Supplied data: Begin
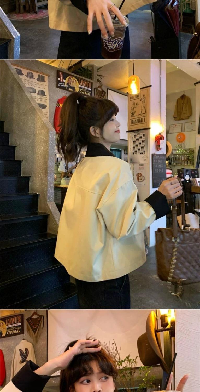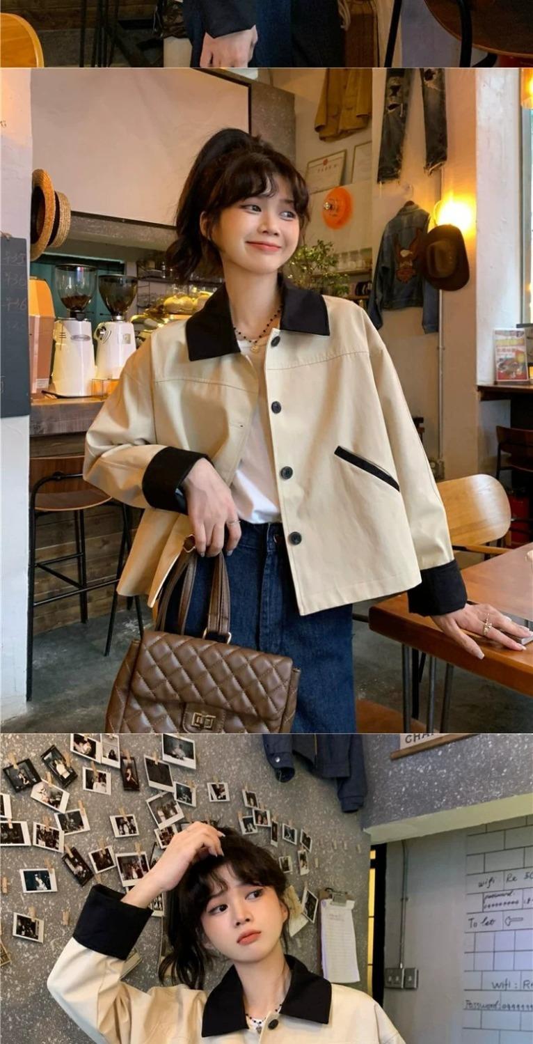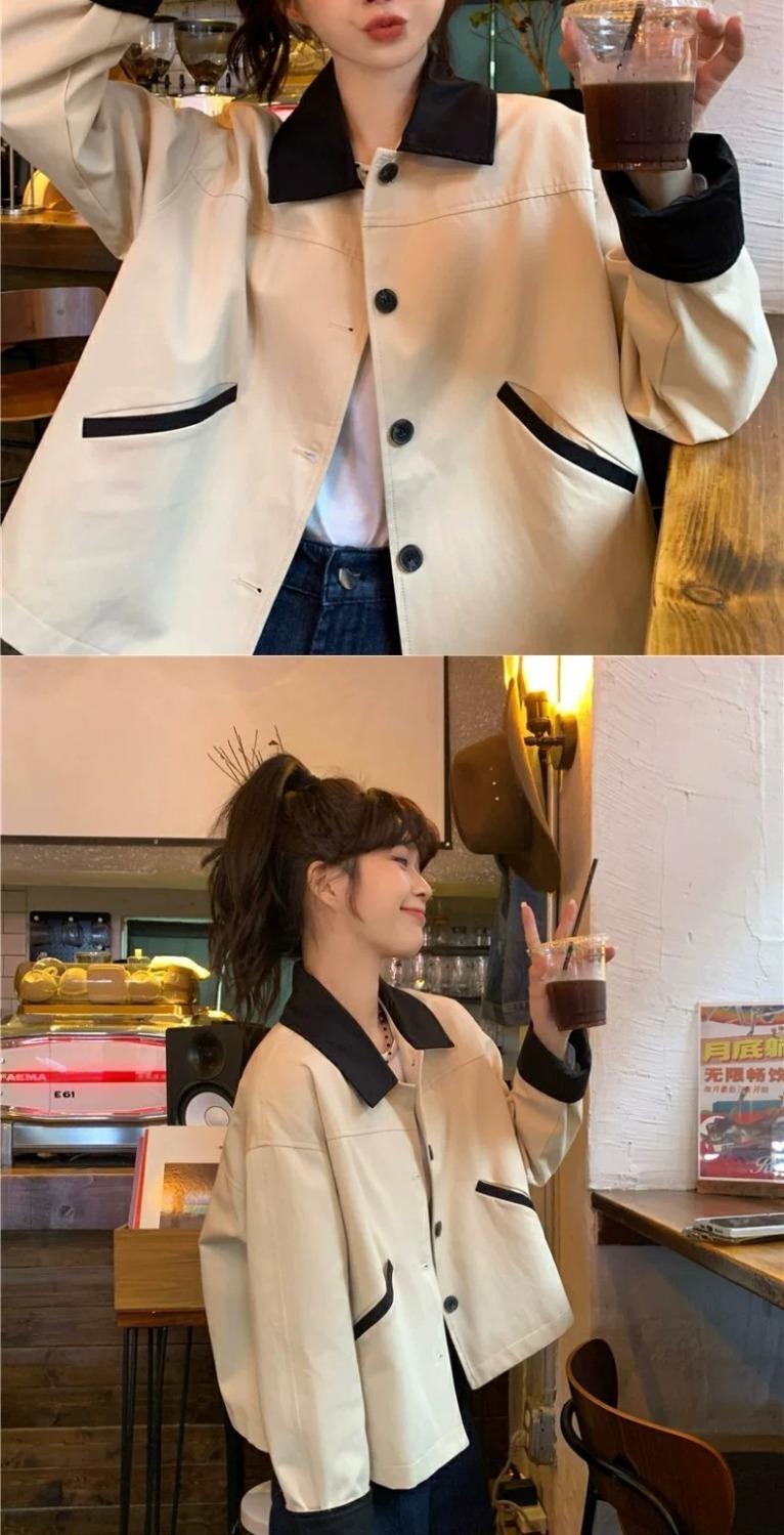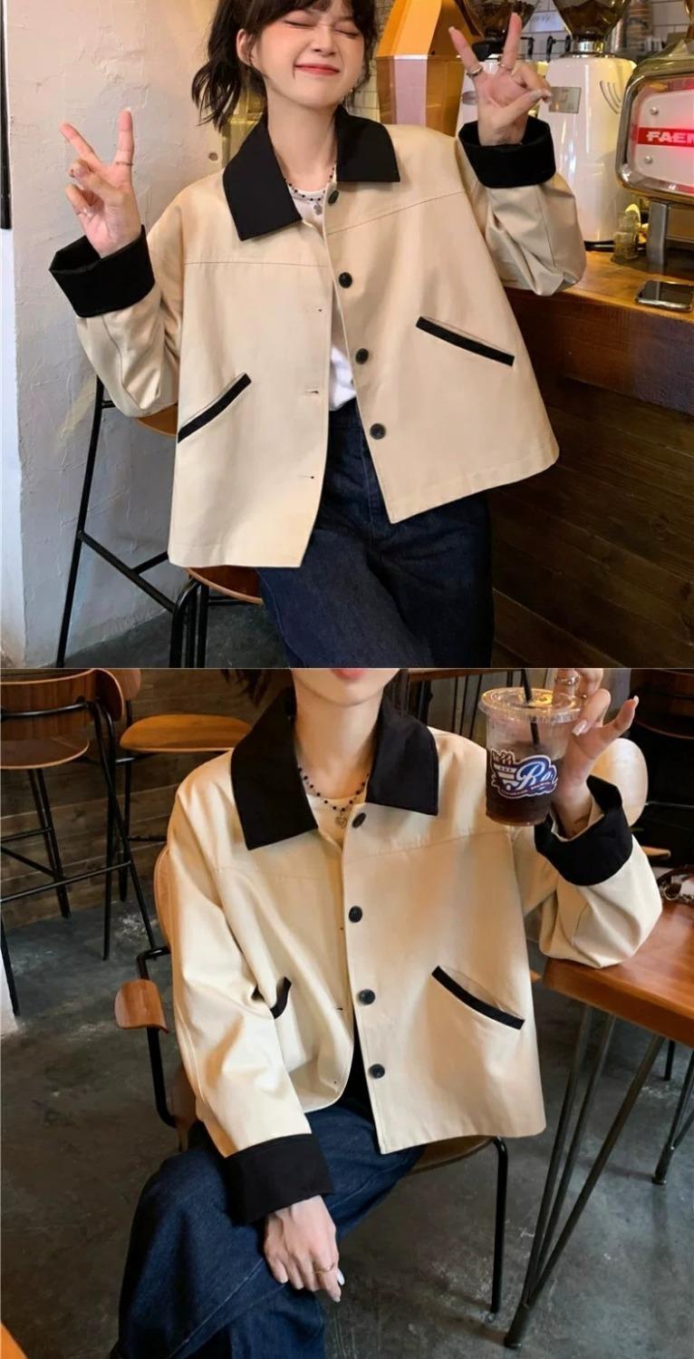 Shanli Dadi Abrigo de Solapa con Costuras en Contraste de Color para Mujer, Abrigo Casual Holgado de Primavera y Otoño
Supplied data: End
Supplied data: Begin
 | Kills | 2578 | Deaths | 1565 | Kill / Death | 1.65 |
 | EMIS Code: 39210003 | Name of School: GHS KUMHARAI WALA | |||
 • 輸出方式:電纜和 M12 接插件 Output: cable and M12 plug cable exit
Supplied data: End
Supplied data: Begin
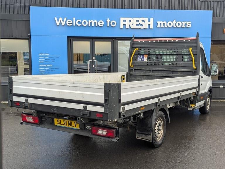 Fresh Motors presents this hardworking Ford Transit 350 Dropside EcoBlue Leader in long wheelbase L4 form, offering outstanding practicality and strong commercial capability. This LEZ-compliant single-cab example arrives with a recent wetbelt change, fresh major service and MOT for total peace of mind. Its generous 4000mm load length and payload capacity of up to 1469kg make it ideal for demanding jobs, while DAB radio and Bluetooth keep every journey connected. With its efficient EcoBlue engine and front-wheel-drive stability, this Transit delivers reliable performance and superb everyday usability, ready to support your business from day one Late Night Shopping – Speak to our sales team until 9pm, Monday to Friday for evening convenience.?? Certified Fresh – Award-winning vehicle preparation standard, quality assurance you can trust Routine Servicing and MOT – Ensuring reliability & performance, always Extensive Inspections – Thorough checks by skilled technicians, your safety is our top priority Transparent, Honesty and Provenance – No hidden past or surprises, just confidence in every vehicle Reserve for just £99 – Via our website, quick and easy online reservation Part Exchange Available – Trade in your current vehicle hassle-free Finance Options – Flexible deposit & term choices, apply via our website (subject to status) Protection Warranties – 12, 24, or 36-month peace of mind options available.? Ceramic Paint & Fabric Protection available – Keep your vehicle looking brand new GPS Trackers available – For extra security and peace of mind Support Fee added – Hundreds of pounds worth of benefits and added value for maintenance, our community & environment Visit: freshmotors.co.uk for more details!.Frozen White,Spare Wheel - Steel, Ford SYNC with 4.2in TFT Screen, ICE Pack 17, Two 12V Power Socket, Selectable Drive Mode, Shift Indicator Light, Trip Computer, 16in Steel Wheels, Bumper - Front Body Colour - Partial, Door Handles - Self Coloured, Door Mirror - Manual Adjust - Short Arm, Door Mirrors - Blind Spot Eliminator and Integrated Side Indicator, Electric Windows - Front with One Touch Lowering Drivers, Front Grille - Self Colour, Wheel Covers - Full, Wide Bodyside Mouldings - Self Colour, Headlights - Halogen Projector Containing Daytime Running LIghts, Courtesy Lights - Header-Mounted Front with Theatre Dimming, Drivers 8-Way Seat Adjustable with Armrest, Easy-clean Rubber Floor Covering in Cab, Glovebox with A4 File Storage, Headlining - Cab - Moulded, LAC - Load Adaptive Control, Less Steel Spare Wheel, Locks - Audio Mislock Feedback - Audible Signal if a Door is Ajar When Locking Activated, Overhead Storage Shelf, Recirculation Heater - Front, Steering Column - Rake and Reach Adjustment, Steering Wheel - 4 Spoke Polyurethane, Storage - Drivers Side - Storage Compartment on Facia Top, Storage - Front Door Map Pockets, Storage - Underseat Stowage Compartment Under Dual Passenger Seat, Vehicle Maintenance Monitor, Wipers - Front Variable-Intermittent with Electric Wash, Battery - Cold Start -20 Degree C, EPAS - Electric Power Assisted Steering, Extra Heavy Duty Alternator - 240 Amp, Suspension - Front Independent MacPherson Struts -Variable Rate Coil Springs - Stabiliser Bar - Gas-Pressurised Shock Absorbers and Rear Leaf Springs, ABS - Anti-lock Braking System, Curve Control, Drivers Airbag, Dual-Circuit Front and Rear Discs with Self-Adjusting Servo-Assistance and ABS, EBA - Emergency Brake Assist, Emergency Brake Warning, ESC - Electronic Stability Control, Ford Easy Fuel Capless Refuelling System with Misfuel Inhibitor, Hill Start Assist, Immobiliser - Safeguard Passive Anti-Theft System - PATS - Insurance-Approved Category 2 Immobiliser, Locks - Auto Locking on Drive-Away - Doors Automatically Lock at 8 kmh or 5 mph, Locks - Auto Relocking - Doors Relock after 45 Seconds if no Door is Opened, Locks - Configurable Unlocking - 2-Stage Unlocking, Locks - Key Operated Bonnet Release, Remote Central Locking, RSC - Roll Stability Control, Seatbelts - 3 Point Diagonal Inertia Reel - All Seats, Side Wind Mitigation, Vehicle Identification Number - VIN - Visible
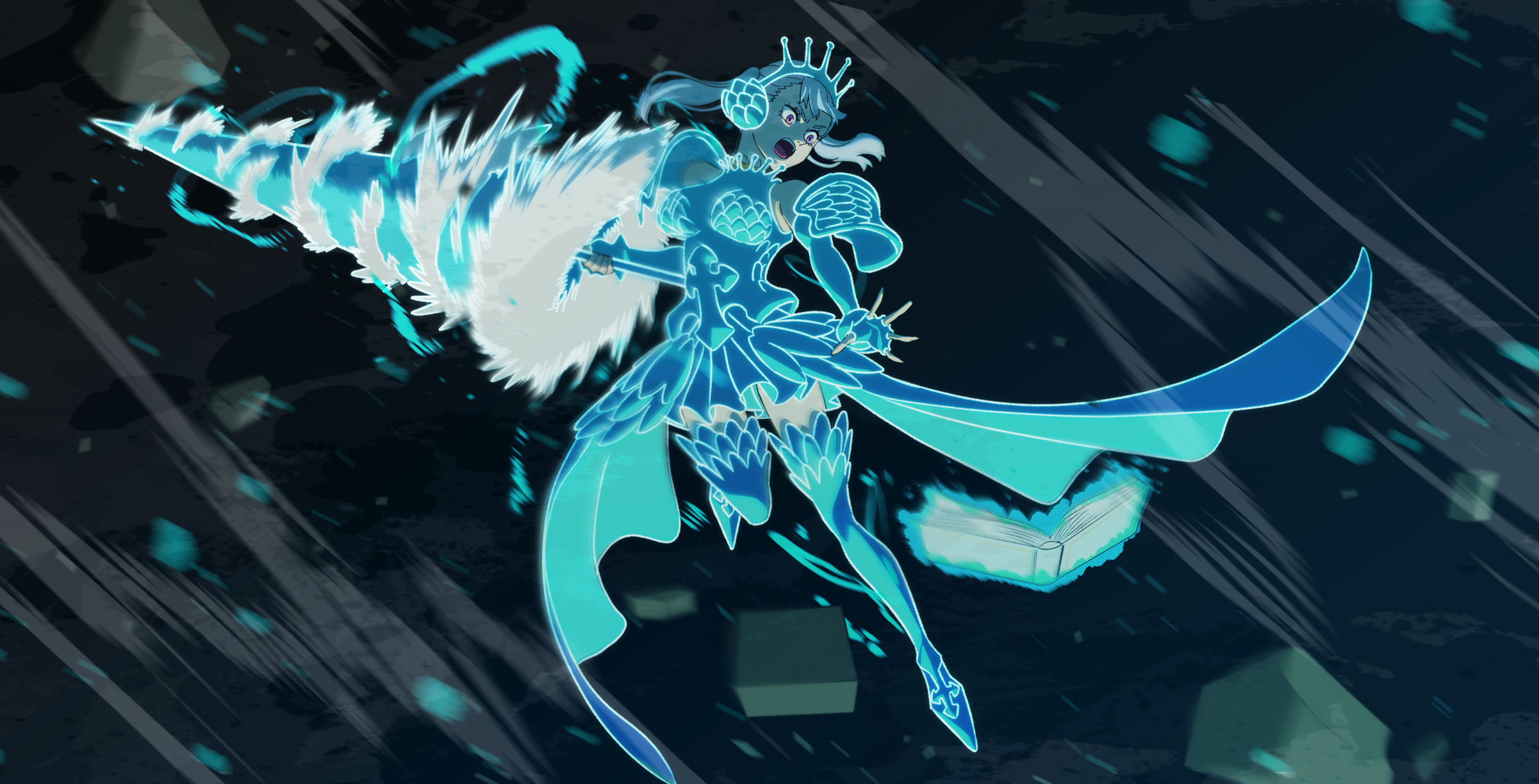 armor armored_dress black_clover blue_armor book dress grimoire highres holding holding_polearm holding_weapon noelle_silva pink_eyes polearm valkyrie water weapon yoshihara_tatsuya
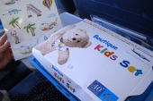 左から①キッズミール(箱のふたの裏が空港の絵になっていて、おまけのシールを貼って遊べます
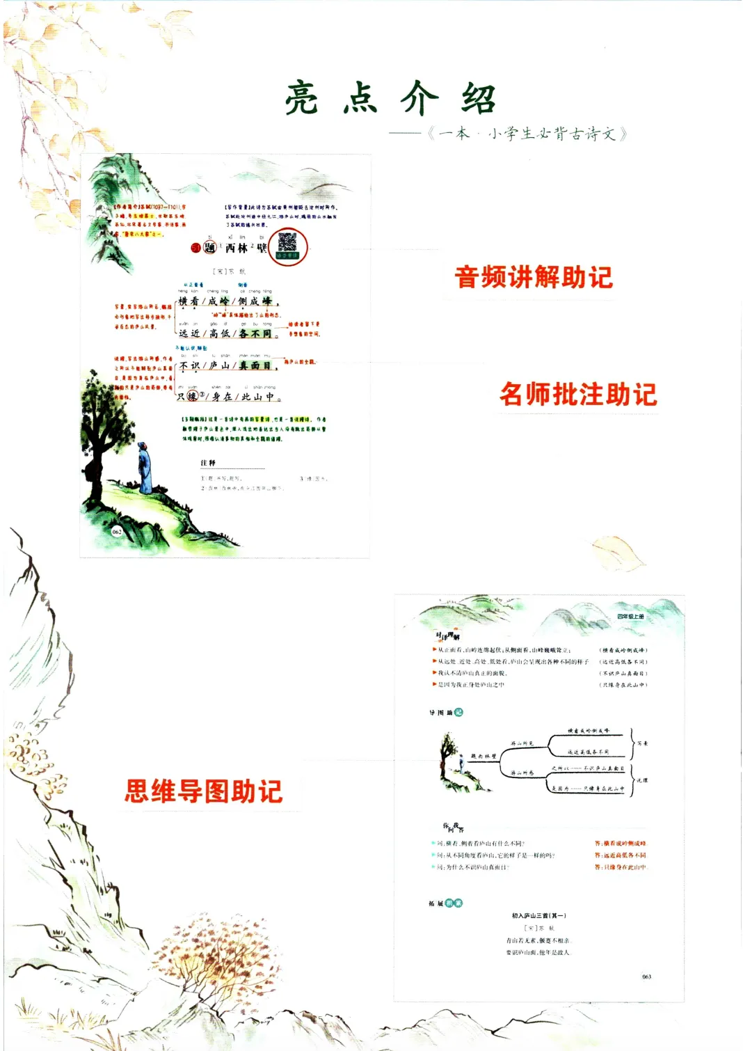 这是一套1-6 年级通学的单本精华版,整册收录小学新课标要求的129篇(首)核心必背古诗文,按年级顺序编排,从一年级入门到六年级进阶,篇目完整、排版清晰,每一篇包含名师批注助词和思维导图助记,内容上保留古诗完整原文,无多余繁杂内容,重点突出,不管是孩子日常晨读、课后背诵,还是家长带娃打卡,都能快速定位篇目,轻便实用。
Supplied data: End
**Task description**
In the records above, copy exactly everything from the line that has "左から①キッズミール(箱のふ" down to the line that has "这是一套1-6 年级通学的单", both ends included, and leave out the pictures.

**Response to the task**
 左から①キッズミール(箱のふたの裏が空港の絵になっていて、おまけのシールを貼って遊べます
 这是一套1-6 年级通学的单本精华版,整册收录小学新课标要求的129篇(首)核心必背古诗文,按年级顺序编排,从一年级入门到六年级进阶,篇目完整、排版清晰,每一篇包含名师批注助词和思维导图助记,内容上保留古诗完整原文,无多余繁杂内容,重点突出,不管是孩子日常晨读、课后背诵,还是家长带娃打卡,都能快速定位篇目,轻便实用。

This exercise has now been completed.